Data in this exercise =
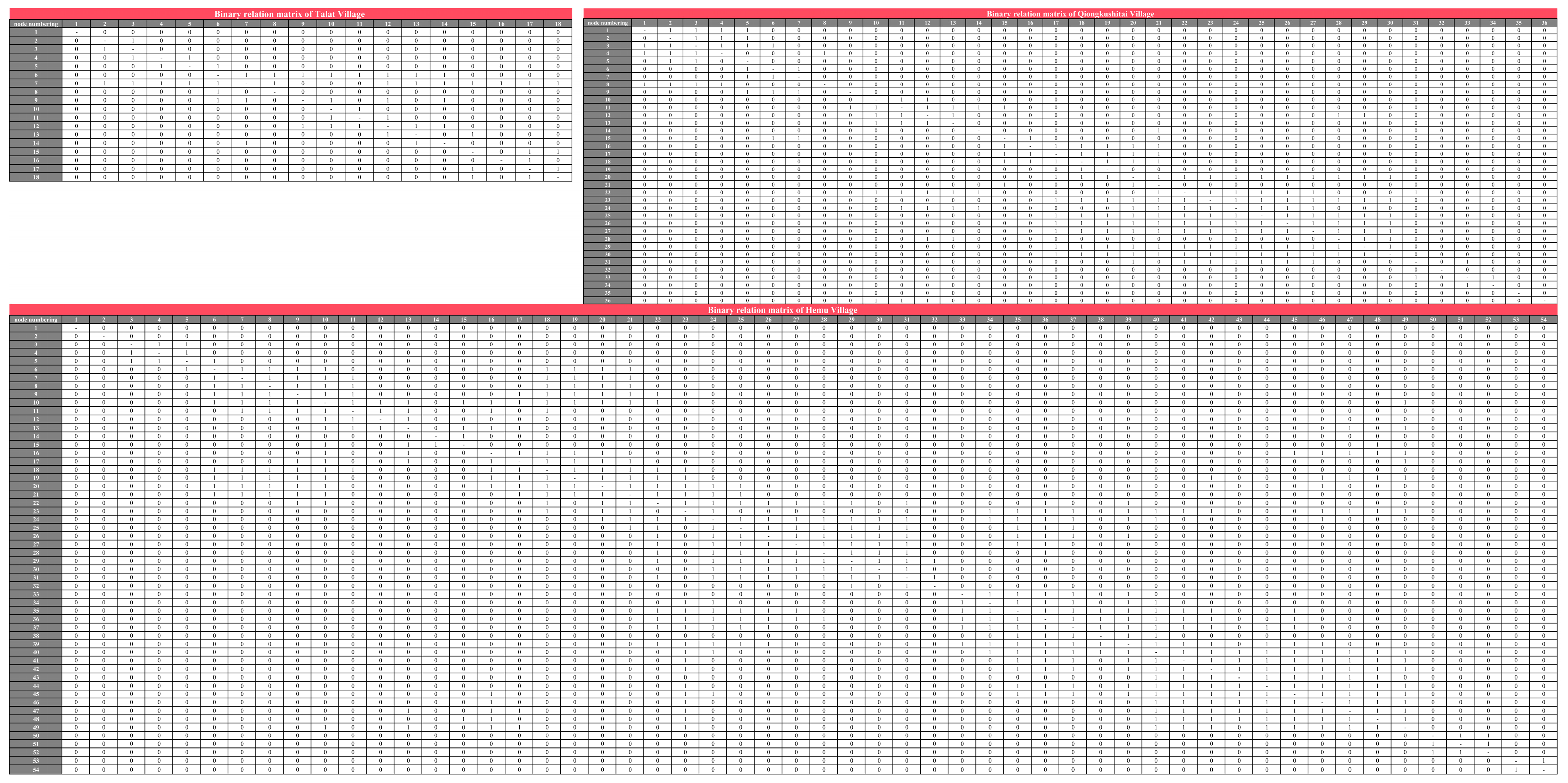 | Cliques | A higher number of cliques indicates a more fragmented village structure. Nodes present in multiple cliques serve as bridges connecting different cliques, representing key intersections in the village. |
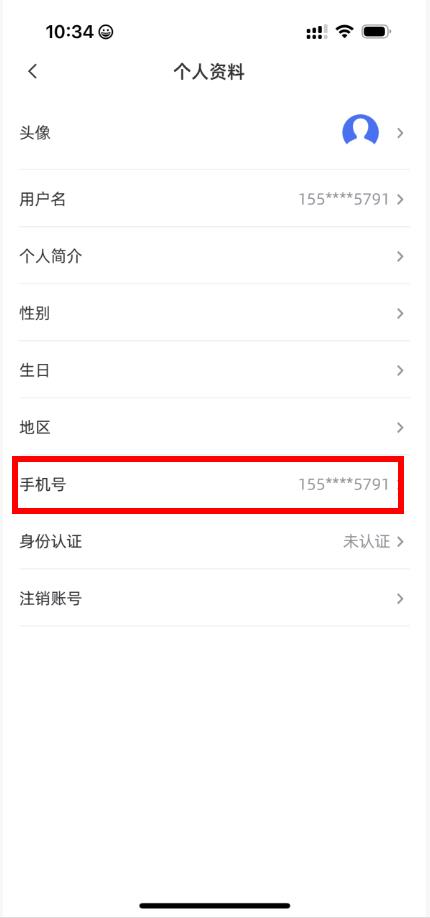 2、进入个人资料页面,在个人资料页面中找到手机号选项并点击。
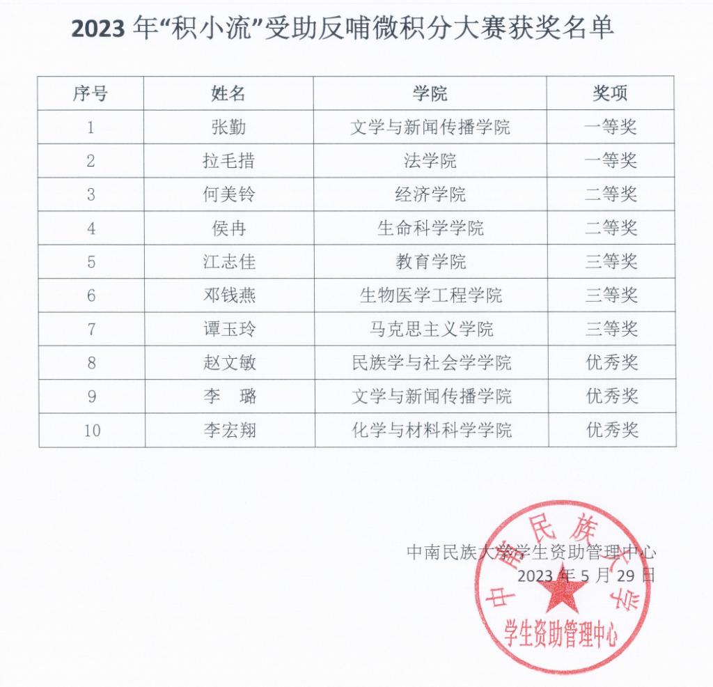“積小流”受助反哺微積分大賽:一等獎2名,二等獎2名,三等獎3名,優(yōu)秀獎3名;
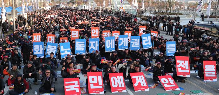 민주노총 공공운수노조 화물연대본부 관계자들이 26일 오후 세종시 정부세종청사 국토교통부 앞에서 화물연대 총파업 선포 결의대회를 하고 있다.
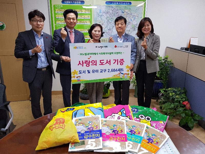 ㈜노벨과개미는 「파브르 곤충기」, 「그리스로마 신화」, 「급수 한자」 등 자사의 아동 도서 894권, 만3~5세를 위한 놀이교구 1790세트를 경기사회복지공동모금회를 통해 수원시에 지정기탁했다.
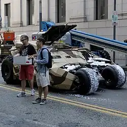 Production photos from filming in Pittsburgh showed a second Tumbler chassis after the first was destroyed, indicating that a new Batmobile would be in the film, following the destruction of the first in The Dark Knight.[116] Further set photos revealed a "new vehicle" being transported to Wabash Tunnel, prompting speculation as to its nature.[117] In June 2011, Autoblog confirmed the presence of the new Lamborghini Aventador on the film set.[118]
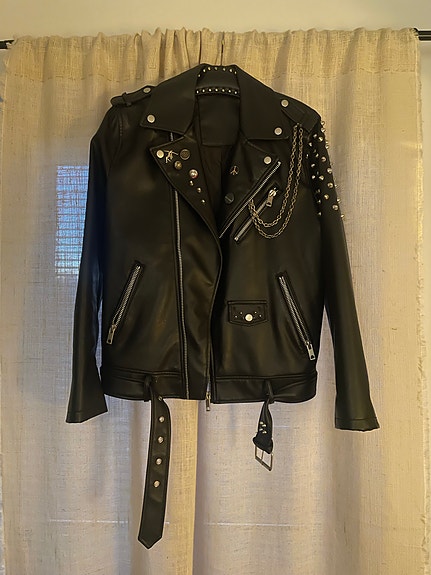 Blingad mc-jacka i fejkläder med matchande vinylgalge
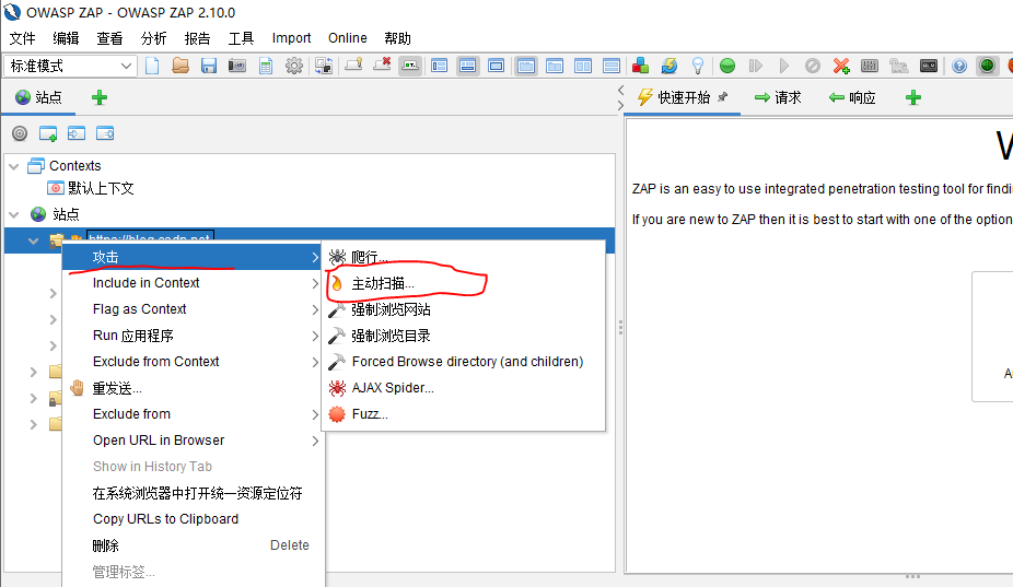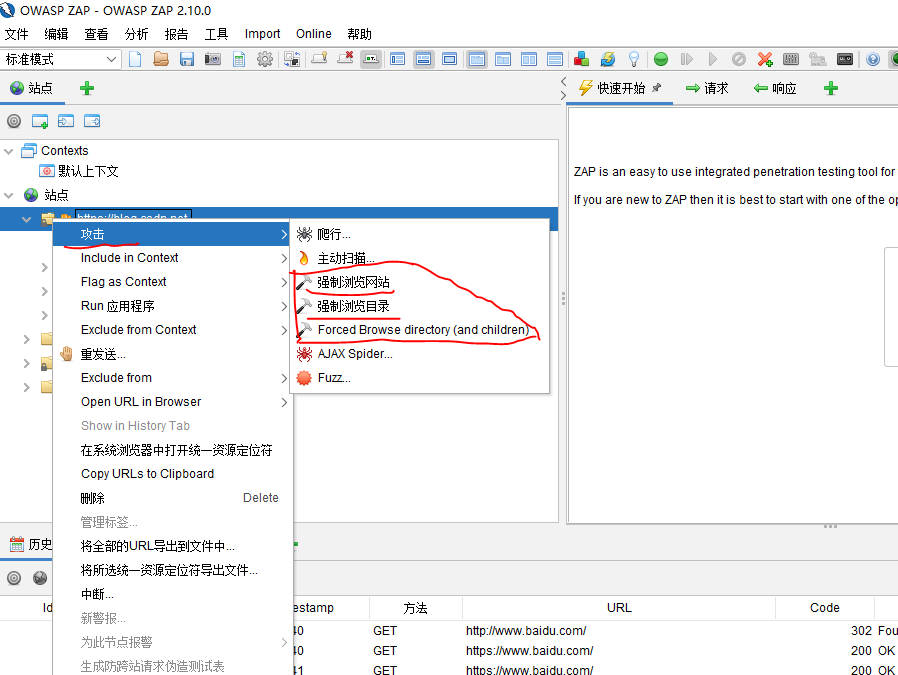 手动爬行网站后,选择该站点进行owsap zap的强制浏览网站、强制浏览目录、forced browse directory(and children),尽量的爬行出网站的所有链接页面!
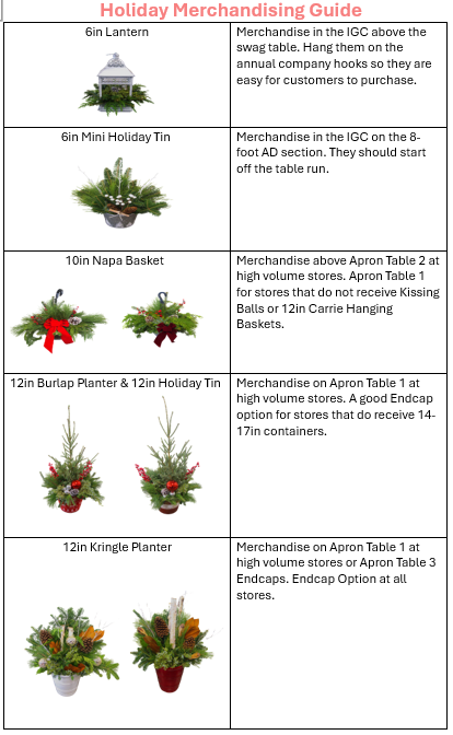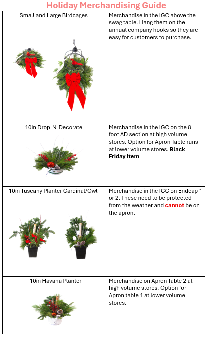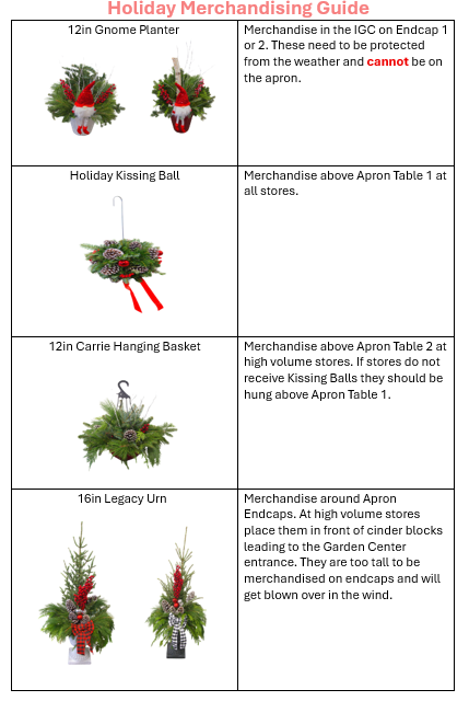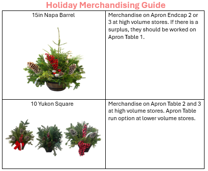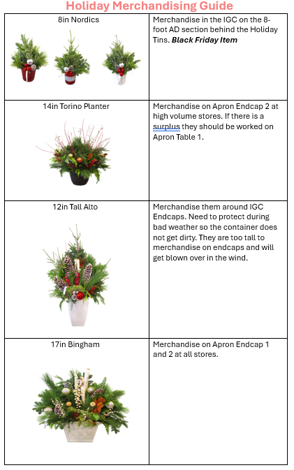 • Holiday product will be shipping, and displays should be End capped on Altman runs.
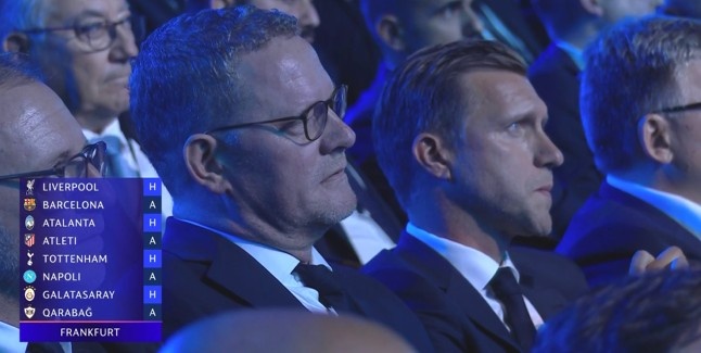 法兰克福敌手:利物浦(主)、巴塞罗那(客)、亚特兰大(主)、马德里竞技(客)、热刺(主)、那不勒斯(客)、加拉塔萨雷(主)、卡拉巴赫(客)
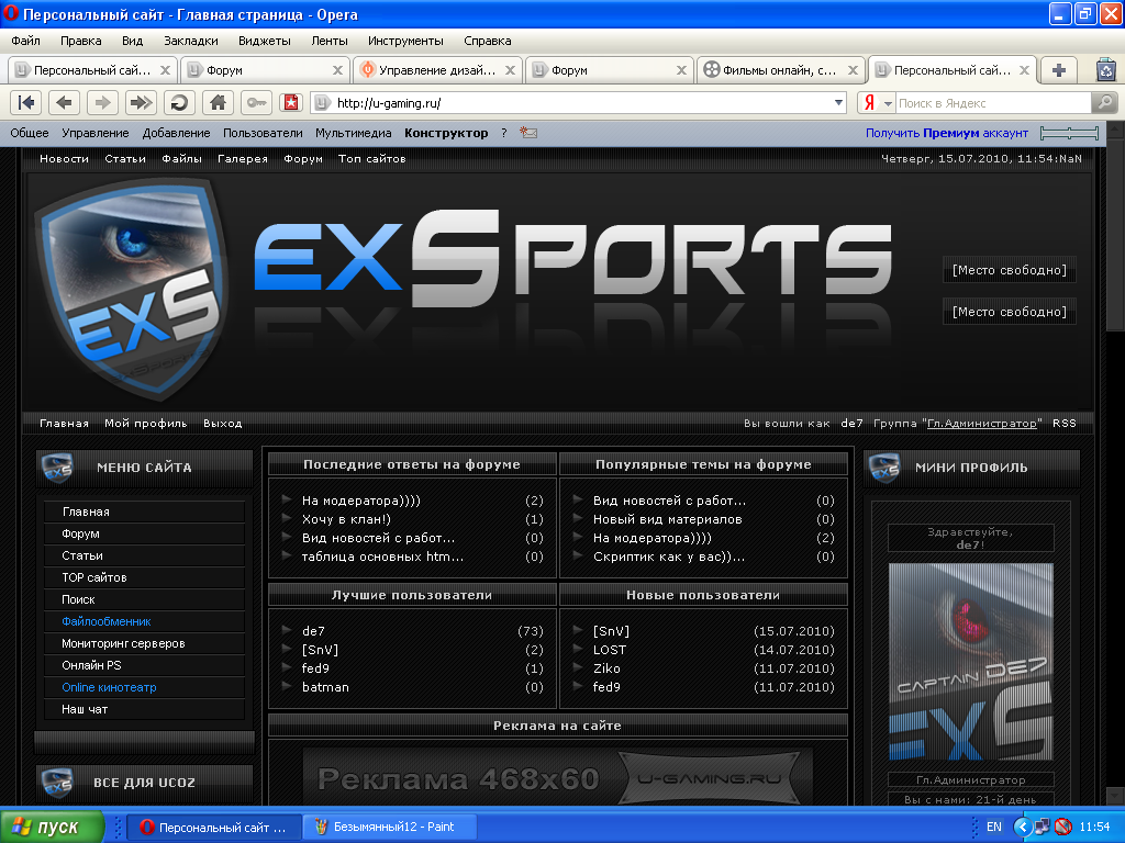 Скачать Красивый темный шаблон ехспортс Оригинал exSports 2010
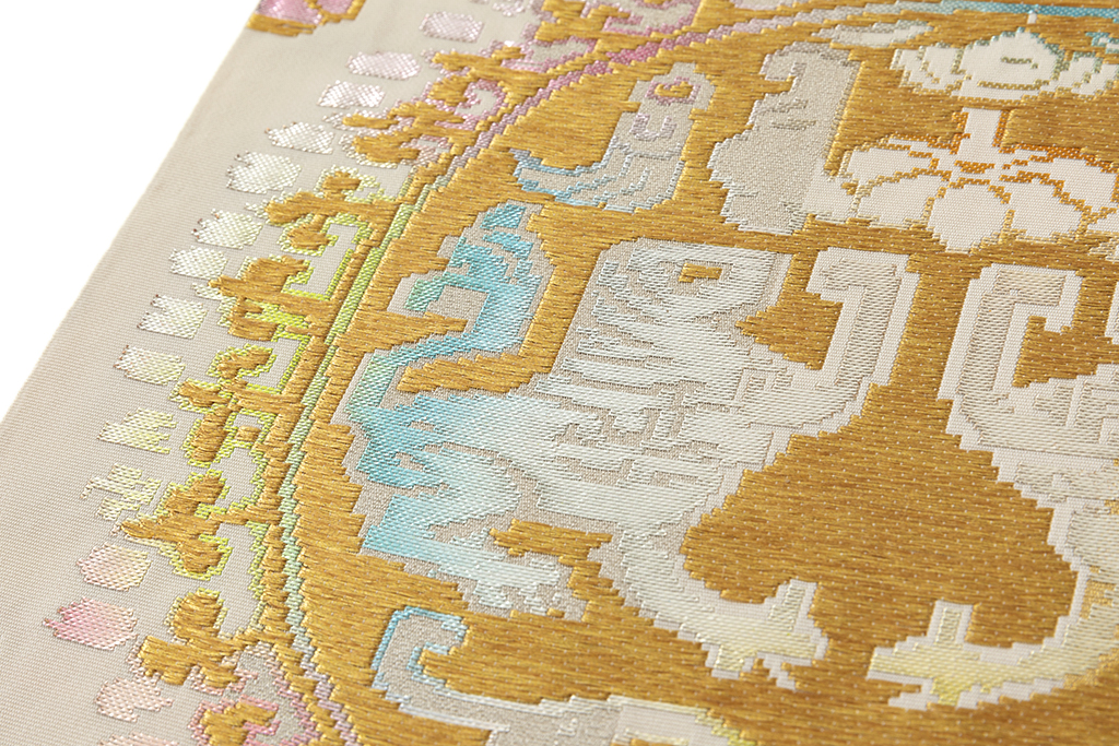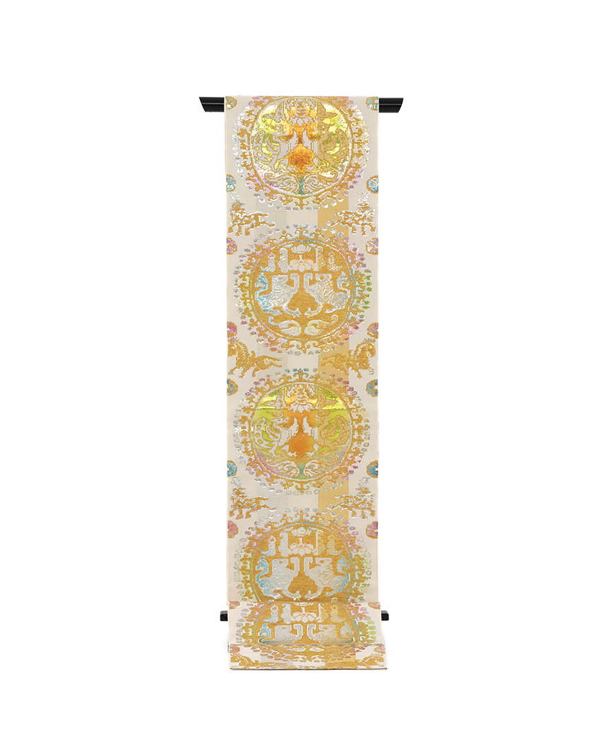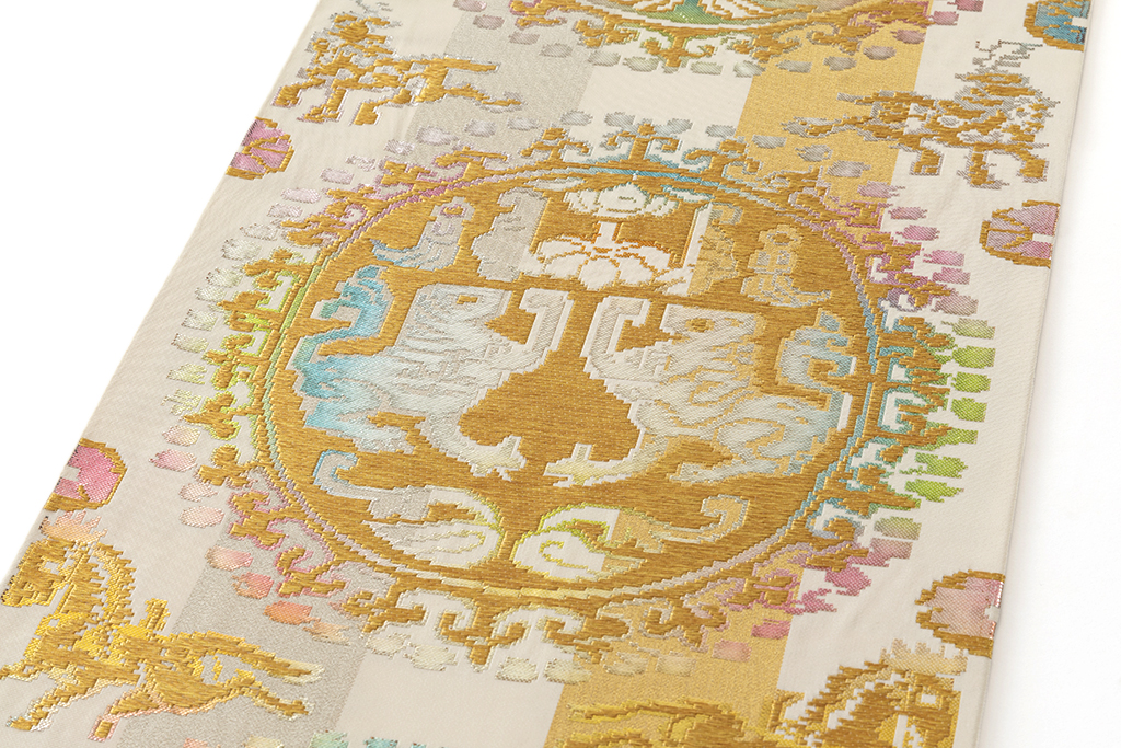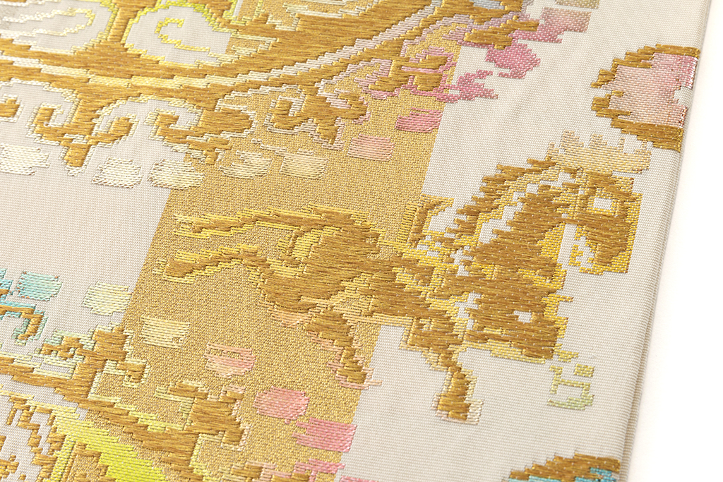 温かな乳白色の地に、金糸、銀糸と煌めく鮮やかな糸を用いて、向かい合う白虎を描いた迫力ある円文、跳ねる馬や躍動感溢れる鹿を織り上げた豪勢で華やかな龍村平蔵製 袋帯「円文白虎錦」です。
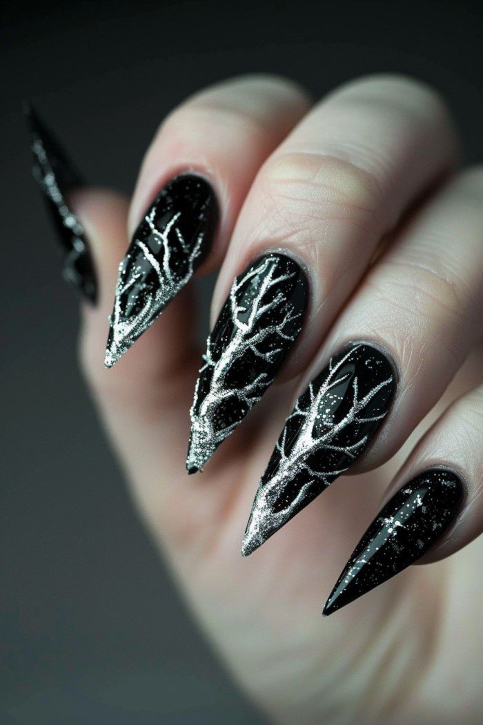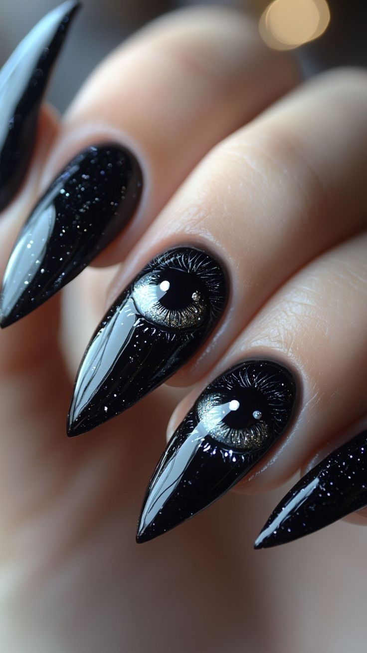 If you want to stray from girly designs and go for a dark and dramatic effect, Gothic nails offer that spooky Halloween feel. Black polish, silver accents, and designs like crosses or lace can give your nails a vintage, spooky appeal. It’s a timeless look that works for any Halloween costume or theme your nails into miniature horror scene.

Task statement = The listing is to be repeated exactly, with its pictures removed.

Final answer =
 | Cliques | A higher number of cliques indicates a more fragmented village structure. Nodes present in multiple cliques serve as bridges connecting different cliques, representing key intersections in the village. |
 2、进入个人资料页面,在个人资料页面中找到手机号选项并点击。
“積小流”受助反哺微積分大賽:一等獎2名,二等獎2名,三等獎3名,優(yōu)秀獎3名;
 민주노총 공공운수노조 화물연대본부 관계자들이 26일 오후 세종시 정부세종청사 국토교통부 앞에서 화물연대 총파업 선포 결의대회를 하고 있다.
 ㈜노벨과개미는 「파브르 곤충기」, 「그리스로마 신화」, 「급수 한자」 등 자사의 아동 도서 894권, 만3~5세를 위한 놀이교구 1790세트를 경기사회복지공동모금회를 통해 수원시에 지정기탁했다.
 Production photos from filming in Pittsburgh showed a second Tumbler chassis after the first was destroyed, indicating that a new Batmobile would be in the film, following the destruction of the first in The Dark Knight.[116] Further set photos revealed a "new vehicle" being transported to Wabash Tunnel, prompting speculation as to its nature.[117] In June 2011, Autoblog confirmed the presence of the new Lamborghini Aventador on the film set.[118]
 Blingad mc-jacka i fejkläder med matchande vinylgalge
 手动爬行网站后,选择该站点进行owsap zap的强制浏览网站、强制浏览目录、forced browse directory(and children),尽量的爬行出网站的所有链接页面!
 • Holiday product will be shipping, and displays should be End capped on Altman runs.
 法兰克福敌手:利物浦(主)、巴塞罗那(客)、亚特兰大(主)、马德里竞技(客)、热刺(主)、那不勒斯(客)、加拉塔萨雷(主)、卡拉巴赫(客)
 Скачать Красивый темный шаблон ехспортс Оригинал exSports 2010
 温かな乳白色の地に、金糸、銀糸と煌めく鮮やかな糸を用いて、向かい合う白虎を描いた迫力ある円文、跳ねる馬や躍動感溢れる鹿を織り上げた豪勢で華やかな龍村平蔵製 袋帯「円文白虎錦」です。
 If you want to stray from girly designs and go for a dark and dramatic effect, Gothic nails offer that spooky Halloween feel. Black polish, silver accents, and designs like crosses or lace can give your nails a vintage, spooky appeal. It’s a timeless look that works for any Halloween costume or theme your nails into miniature horror scene.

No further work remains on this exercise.